Nos nacen en este sexenio; hay que recordar que en los cincuenta con Otho Salazar al frente, el magisterio desafío al Gobierno. Después lo hizo con Carlos Longitud Barrios y mas tarde con Elba Esther Gordillo.

En suma: el Gobierno ha creado al Frankenstein y después se asusta.

Andrés Manuel López Obrador tiene cuando menos 20 años en campaña para la Presidencia.

Llama la atención la amnesia ciudadana sobre sus estrategias y acciones en el pasado, que le llevaron a desquiciar, primero la suerte del país y luego la propia capital de la Republica.

Como si nada hubiera ocurrido en materia de anarquía por él propiciada hoy lo tienen en la cumbre de popularidad y preferencias hacia el 18.

El Gobierno busca afanosamente incrustar en la temática nacional al Presidente Peña Nieto. Error de comunicación.

Peña Nieto es el Presidente, pero no un caudillo. Y en tres años y medio acumula acusaciones, evidencias y errores difícilmente superables. Ademas, a él no le compete enfrentar a AMLO sino gobernar al país.

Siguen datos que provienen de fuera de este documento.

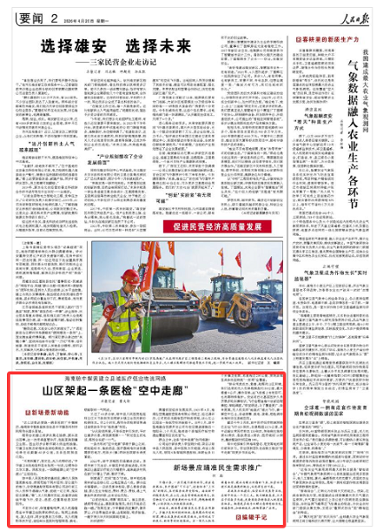 《人民日报》聚焦:医共体"空中走廊",破解"最后一公里"难题
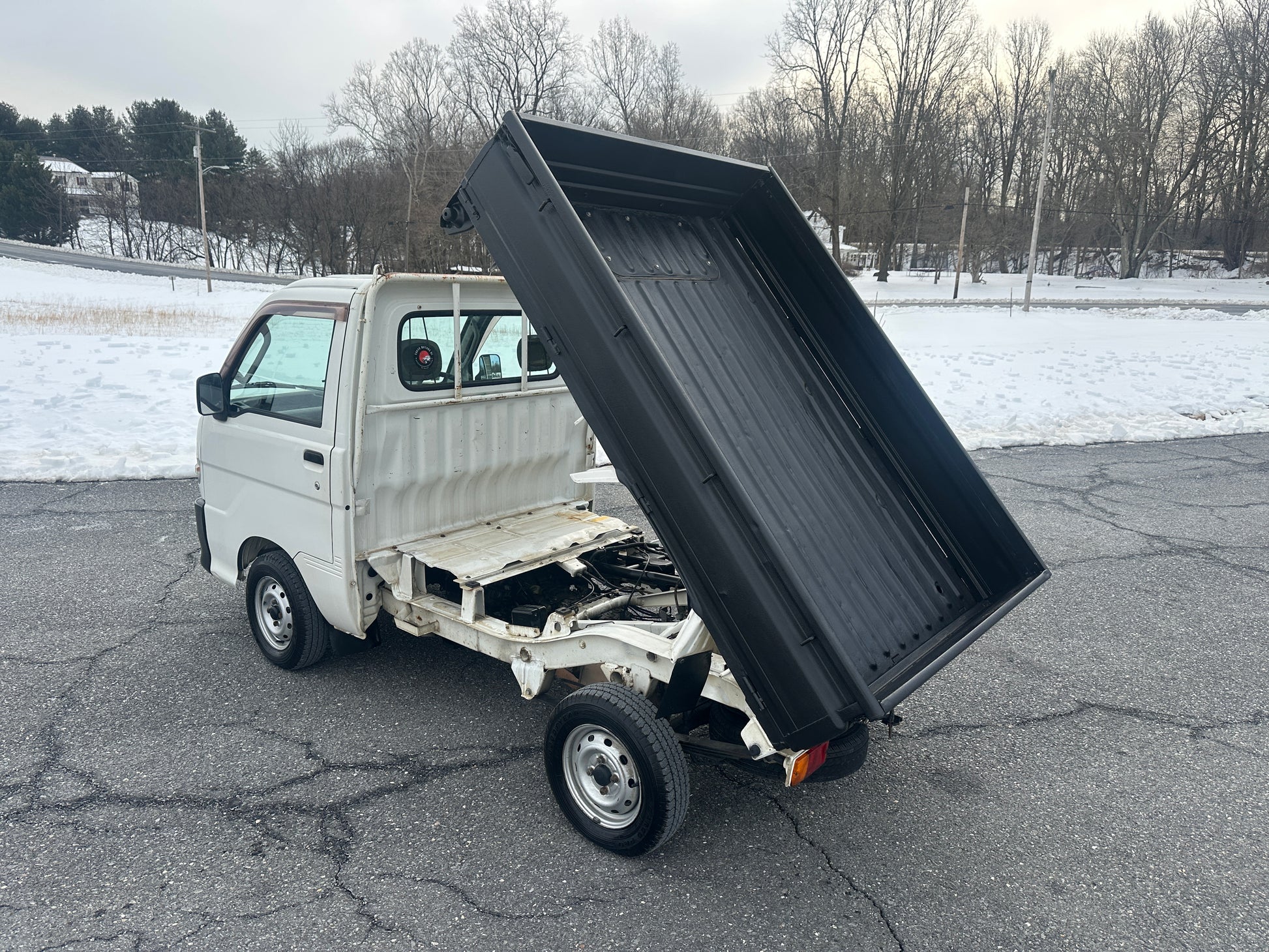 1999 DAIHATSU HIJET GD-S210P——69,637 Miles, “EF-SE” Engine, 659CC Inline-Three, ELECTRONIC FUEL INJECTION, Gasoline, Distributor-Less Ignition (DLI), 5-Speed Manual Transmission, Dual Range Transfer Case With High & Low Gears, Selectable 4WD, Air Conditioning & Heat, DUMP BED WITH DROP-DOWN SIDES, Heavy Duty Textured Paint On The Bed, 350kg Load Capacity, DIFF-LOCK, New Battery.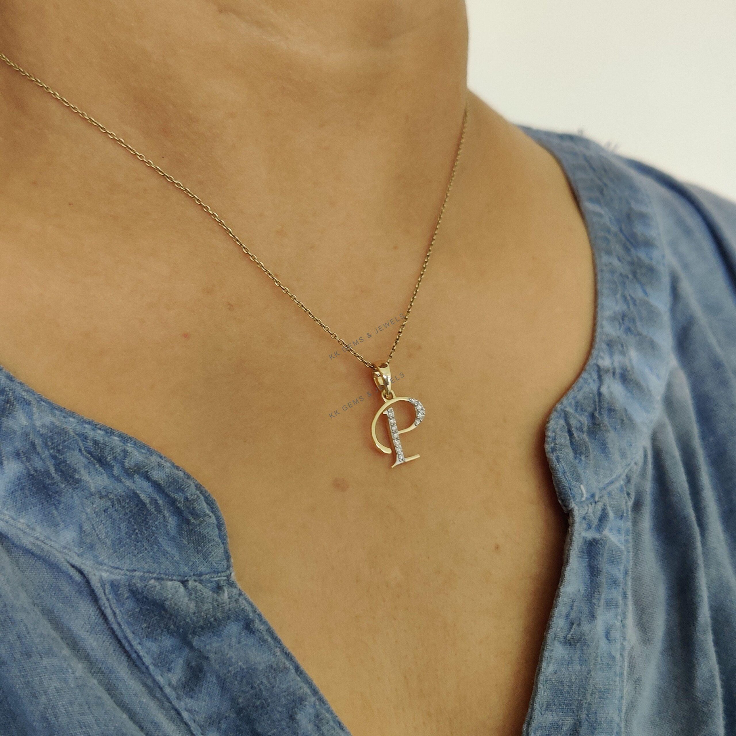 Initial P Pendant Set in 14K Solid Gold, Alphabet Charm Gemstone Pendant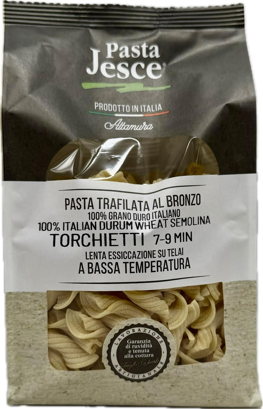 Pasta Jesce is a brand of Italian pasta known for its artisanal production methods and use of local ingredients. It is made in Altamura, Apulia, a region in Southern Italy with a strong connection to pasta-making traditions. Pasta Jesce emphasizes the use of bronze-cut dies, slow drying at low temperatures, and high-quality durum wheat semolina to produce pasta that enhances flavors and holds sauces well.
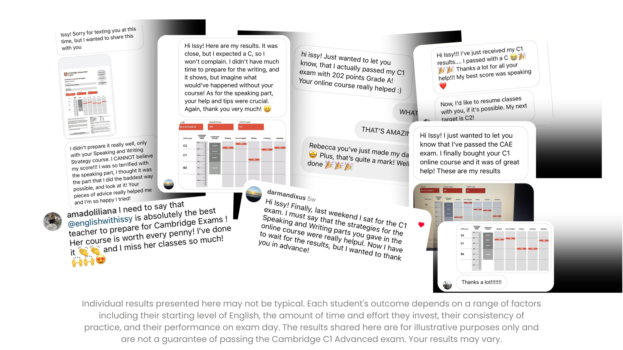 Alongside Issy, you'll learn from a specialist grammar coach and a certified Cambridge examiner, someone who has sat on the other side of the test and knows precisely what it takes to pass.

Ya cambiaron discurso, formato y temática de sus eventos y todo sigue igual.

Tienen a los principales columnistas, comentaristas y opinologos en una bien coordinada campaña que luce como perfecta sinfonía en tonos y temas, pero nada pasa como no sea otra caída en los niveles de aceptación y aprobación al Presidente.

Si supiéramos cuál es la solución no estuviéramos haciendo un blog sino gobernando un país. Por ello, desde esta tribuna no pretendemos dictar soluciones que desconocemos, sino señalar lo que en opinión de las mayorías ocurre en el país.

Las angustias gubernamentales desgastan al sistema y ocupan sus afanes. La obsesión por mejorar la percepción presidencial es enfermiza.

Se nos ocurre que con buena voluntad resolverían buena parte y lo demás, lo de AMLO, queda en manos de su salud mesiánica como él y del impredecible electorado.

Lo peor, es la obsesión con el que puede llegar a errores que lo convierten en mártir.